'You may look farther, and fare worse,' said Mrs. Cadurcis. Plantagenet blushed; and yet he wondered why he blushed: he understood his mother, but he could not pursue the conversation; his heart fluttered.
A most cordial greeting awaited them at Cherbury; Dr. Masham was there, and was to remain until Monday. Mrs. Cadurcis would have opened about the present immediately, but her son warned her on the threshold that if she said a word about it, or seemed to be aware of its previous existence, even when it was shown, he would fling it instantly away into the snow; and her horror of this catastrophe bridled her tongue. Mrs. Cadurcis, however, was happy, and Lady Annabel was glad to see her so; the Doctor, too, paid her some charming compliments; the good lady was in the highest spirits, for she was always in extremes, and at this moment she would willingly have laid down her life if she had thought the sacrifice could have contributed to the welfare of the Herberts.
Cadurcis himself drew Venetia aside, and then, holding the brooch reversed, he said, with rather a confused air, 'Read that, Venetia.'
'Oh! Plantagenet!' she said, very much astonished.
'You see, Venetia,' he added, leaving it in her hand, 'it is yours.'
Venetia turned the jewel; her eye was dazzled with its brilliancy.
'It is too grand for a little girl, Plantagenet,' she exclaimed, a little pale.

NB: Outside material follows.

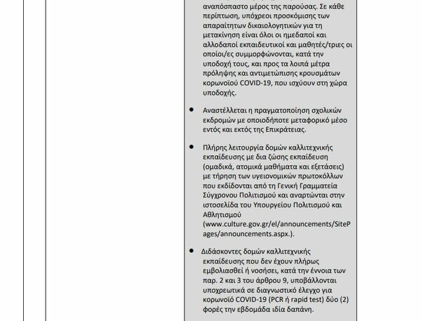 Συγκεκριμένα, όπως προβλέπεται από την Κοινή Υπουργική Απόφαση (ΚΥΑ) που δημοσιεύτηκε σήμερα αναστέλλονται όλες οι σχολικές εκδρομές τόσο εντός όσο και εκτός της Επικράτειας και με κάθε μεταφορικό μέσο.

'No, it is not,' said Plantagenet, firmly; 'besides, you will not always be a little girl; and then, if ever we do not live together as we do now, you will always remember you have a brother.'
'I must show it mamma; I must ask her permission to take it,
Plantagenet.'
Venetia went up to her mother, who was talking to Mrs. Cadurcis. She had not courage to speak before that lady and Dr. Masham, so she called her mother aside.